Magazine publishers Condé Nast and Hearst are restructuring their sales and marketing divisions to better serve advertisers, while disappointing results at Axel Springer could herald changes there under its new private equity partnership.

Condé Nast and Condé Nast International (which covers 31 markets outside the US) have merged under a “unified global team”, The Drum reported, a development that includes ad and commercial sales functions being brought together under a single structure.

This move builds on efforts in the editorial department, where 45 different content management systems have been reduced to one, which not only facilitates sharing and syndication across editorial teams, but also makes life far simpler for advertisers.

“The outcome is to deliver better ad campaigns, and more easily for one or several brands across markets,” director of strategy and research Estelle Ayer told a London conference earlier this year. (For more read WARC’s report: How Condé Nast balances global and local.)

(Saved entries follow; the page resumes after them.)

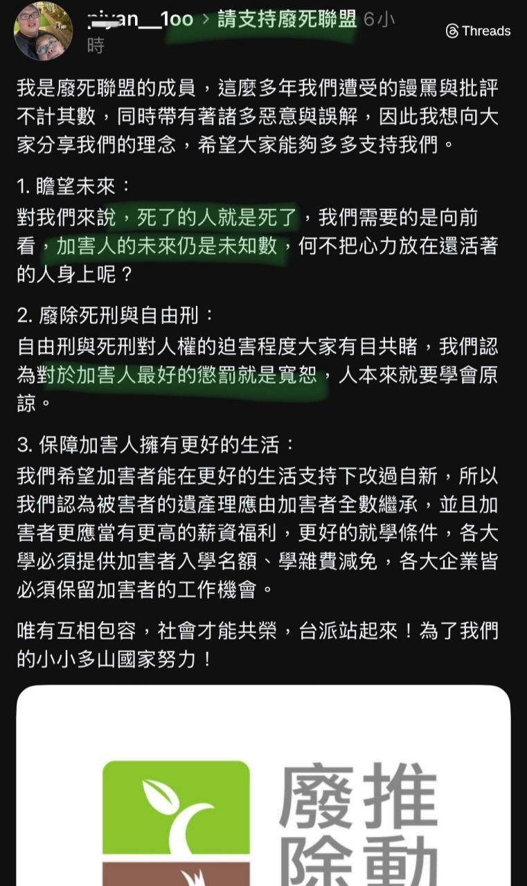 脆上的青鳥廢死聯盟成員發文,指大眾對他們帶有太多惡意與誤解,希望大家一起分享他
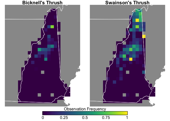 two bird species (Swainson’s and Bicknell’s Thrush) in New Hampshire,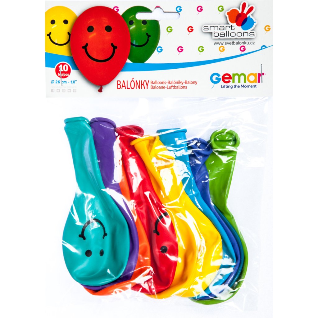 GEMAR Balónek nafukovací 26 cm barevný mix "smajlík" 10 ks

Luxury advertisers no longer have to deal with individual publishers in different countries but can work far more efficiently through a single CMS and standardised ad formats.

Global chief executive Roger Lynch explained that the changes “will better enable us to collaborate across teams and markets and, ultimately, deliver unparalleled experiences for our consumers and clients”.

In particular, the single sales team will be able to better serve clients’ “holistic needs” and “make it easier for them to do business with us”, he said.

Similar thinking is evident at Hearst where the sales and marketing functions have been brought together in a move aimed at making media buying easier across the publisher’s portfolio.

“This new approach simplifies the process for advertisers and agencies, providing innovative solutions, first-to-market ad products and a seamless ad buying experience across all of our brands and platform,” said company president Troy Young.

Elsewhere, German publisher Axel Springer reported a 10.6% year-on-year decline in ad revenue in its news media business in the second quarter, which, The Drum suggested, could force a rethink of its business model as US private equity firm KKR takes a 27.8% stake.

The company has moved away from its print origins to focus on becoming a digital-first business, a process that has inevitably brought it into conflict with the US tech giants, as both its news and classifieds businesses depend to a large extent on traffic from Google.